In ancient times, mime often was performed much like Ezekiel's wordless skits as criticism of the political and religious regimes. They commonly had a cynical view of life as just the game of the gods. After Jesus, mimes mocked Christianity as a foolish Eastern religion, but some of the mimes became convinced by what they were mocking. Christians adapted the mime cynicism into a message that our short life on earth is but a reflection heaven's eternal afterlife. The most famous account of a mime being saved is recorded in Acts Sanctorum (Sacred Acts [of the martyrs]).

In the year a.d. 304, Diocletian came to Rome to celebrate his triumph over the nations and over the Christian impiety. In celebration of this victory he went to the theater to watch the famous mime Genesius mock the conquered Christian faith.

The story Genesius told in mime was that of a mock baptism. However, in the process of being baptized in jest, Genesius had a revelation of Jesus Christ and was baptized in a glorious vision.

When he exited the tepid water that was in the tub on stage, he proclaimed to his audience “I saw a hand which came from heaven, and shining angels above me.

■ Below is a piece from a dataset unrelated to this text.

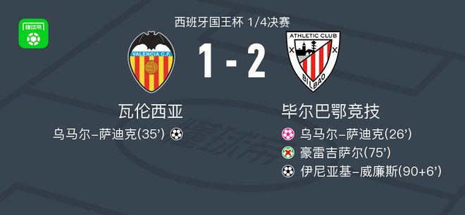 北京時間2月5日西班牙國王杯 1/4決賽,瓦倫西亞對陣畢爾巴鄂競技。瓦倫西亞烏馬爾-薩迪克破門,烏馬爾-薩迪克自擺烏龍。畢爾巴鄂競技伊尼亞基-威廉斯破門。最終比分瓦倫西亞 1-2 畢爾巴鄂競技。

They read in a book all the sins I had committed since my infancy, and washed them in the water in which I had been baptized, and presented me with the book, which was whiter than snow” and “I am truly a Christian!” (Darras, The History of the Church, vol. 1, and Nicoll, Masks, 122).

The mime arose a Christian, shattering the lie of Diocletian’s victory over the Christians. The mime who Diocletian wanted to mock the Christians was mocking him.

Diocletian had Genesius tortured and beheaded. Diocletian had lost face while mimes say Genesius won eternity.

The director of "Gospel Mime" is Whitney Mallett, who lives in New York. She contributes regularly to The New Inquiry, Vice, and The Editorial Magazine.

The narrative on ancient mime and Christians is taken from the online essay Mime in the early church.